The "immigration policies" of modern states is yet another licensing
scheme of the 20th century: the state has enforced licensing of
movement. It is virtually impossible to move across the artificial
boundaries of the state's territory in the search for opportunity,
love, or work; one needs a state-issued license to move one's body, be
it across a river, over a mountain or through a forest. The Berlin Wall
may be gone, but the basic principle of it lives and thrives.

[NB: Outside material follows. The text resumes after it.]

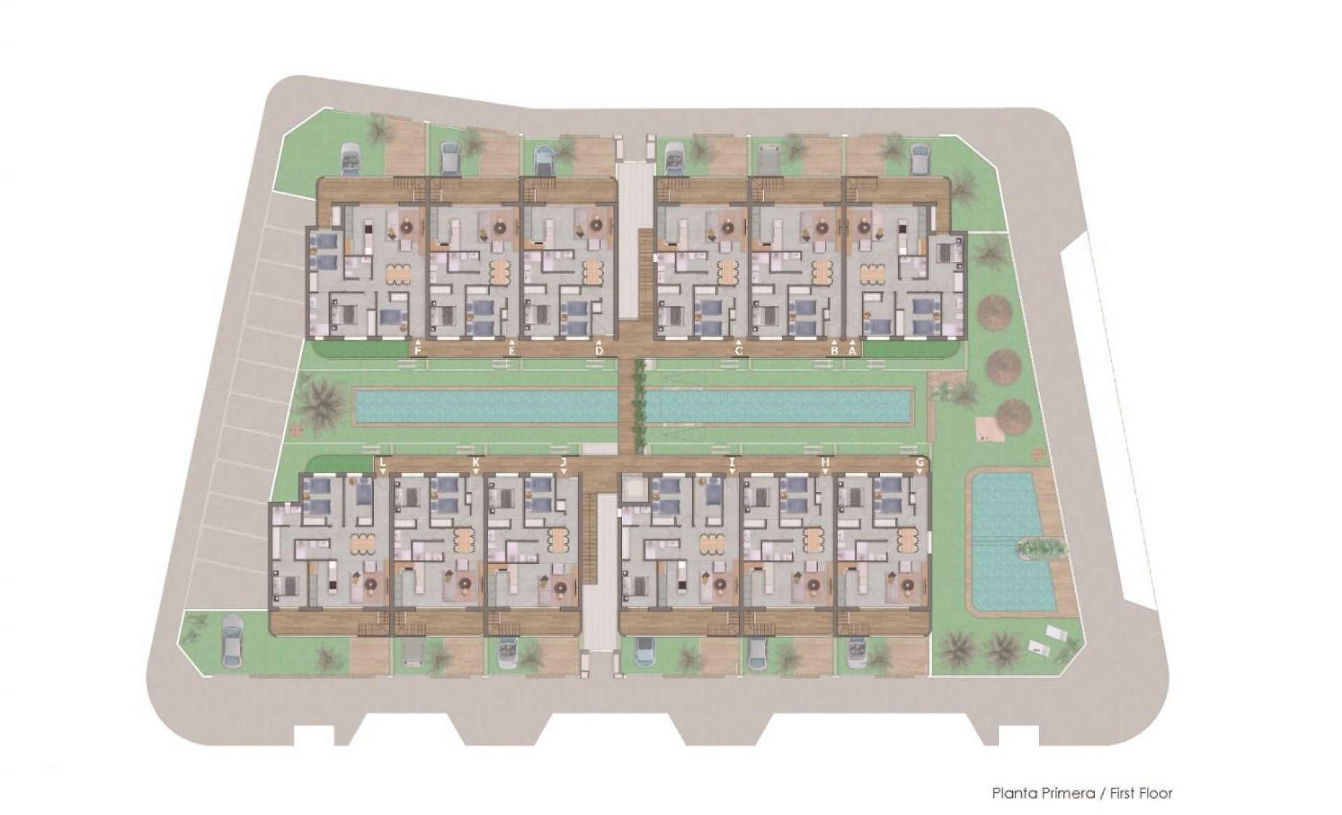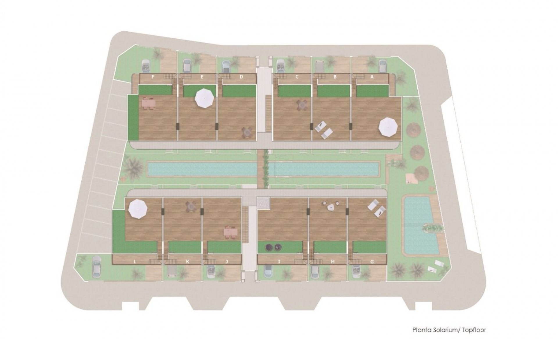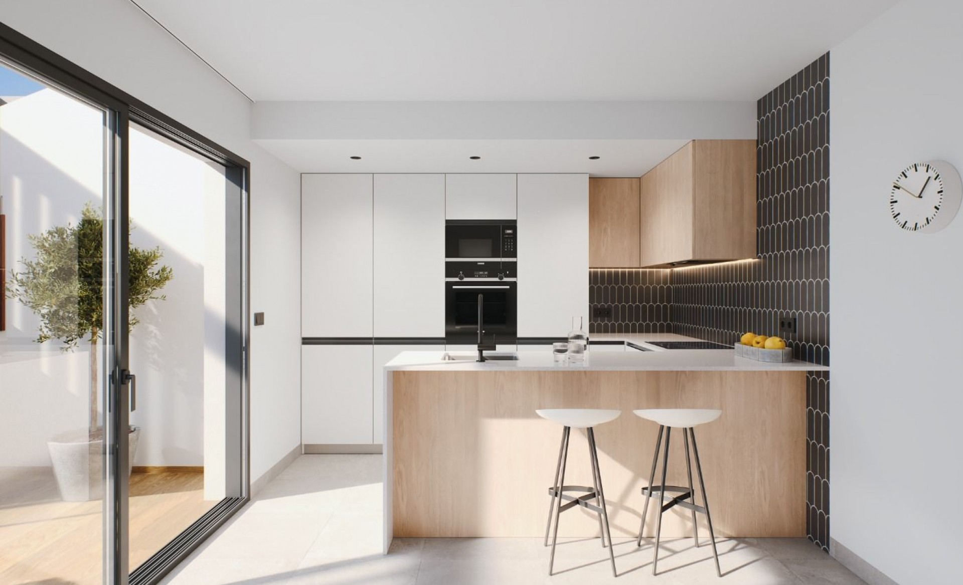 Nouvelle construction d'un magnifique complexe résidentiel de 24 bungalows, conçus et dessinés pour vivre avec un maximum de confort dans un endroit privilégié, entouré de toutes sortes de services et à seulement 4 km de la mer. Ces propriétés sont composées de 2 ou 3 chambres, 2 salles de bain, une cuisine ouverte sur le salon, des placards. Les bungalows du rez-de-chaussée ont un jardin privé et les bungalows du dernier étage un solarium privé. Toutes les propriétés ont une place de parking. Le complexe résidentiel dispose d'une excellente zone commune avec une piscine et une piscine extérieure. Pilar de la Horadada est un village espagnol typique situé dans la partie la plus méridionale de la Costa Blanca. La grande rue principale comporte des supermarchés, de nombreux magasins, des restaurants et des bars et quelques jolies places. Les belles plages de Torre de la Horadada et de Mil Palmeras, avec leur promenade de sable fin, ne sont qu'à 5 minutes. À Pilar de la Horadada, il existe également un réseau bien développé de pistes cyclables et de sentiers de randonnée, ainsi qu'une grande offre d'activités sportives variées. Le terrain de golf 18 trous de Lo Romero se trouve à une courte distance en voiture de la ville. Les aéroports de Corvera (Murcie) et d'Alicante sont respectivement à 40 et 55 minutes.

These days, with Bush's Americans First program and tightened
borders at taxpayers' expense, it seems the state is reaching its
licensing climax. To a nation built on immigration it should seem
strange to have a president investing in keeping foreigners out, and
considering fines on employers hiring immigrants, but the objective is
not a healthy, vigorous society: with border controls come easier
surveillance, regulation and control. The Europeans are leading the way
in their attempt to secure inbreeding and economic stagnation
throughout the continent, through what has become known as "Fort
Europe." No one enters, no one leaves.

Immigration is not different from other kinds of licensing even
though it has been awarded a special name. Licensing has the same
result regardless of what is licensed: licensing of physicians causes
poor health care at higher cost just as licensing taxi businesses
causes poor and untimely service at high cost — licensing on movement
means restricted freedom and higher taxes for people (whether
"citizens" or "foreigners"). From a libertarian point of view it should
be clear that all licensing needs to be done away with, including
immigration.

Yet the immigration issue seems to be somewhat of a divide within libertarianism, with two seemingly conflicting views
on how to deal with population growth through immigration. On the one
hand, it is not possible as a libertarian to support a regulated
immigration policy, since government itself is never legitimate. This
is the somewhat classical libertarian standpoint on immigration: open
borders.

On the other hand, the theory of natural rights and, especially,
private property rights tells us anyone could move anywhere — but they
need first to purchase their own piece of land on which to live or
obtain necessary permission from the owner. Otherwise immigration
becomes a violation of property rights, a trespass. This is an
interpretation of a libertarian-principled immigration policy presented
by Hans-Hermann Hoppe a few years ago, which since then has gained
increasing recognition and support.

To a non-libertarian bystander, the discussion of the two
alternatives must seem quite absurd. What is the use of this
libertarian idea of liberty, if people cannot agree on a simple issue
such as immigration? I intend to show that the libertarian idea is as
powerful as we claim, and that there is no reason we should not be able
to reach consensus in the immigration issue. Both sides in this debate,
the anti-government-policy as well as the pro-private-property, somehow
fail to realize there is no real contradiction in their views.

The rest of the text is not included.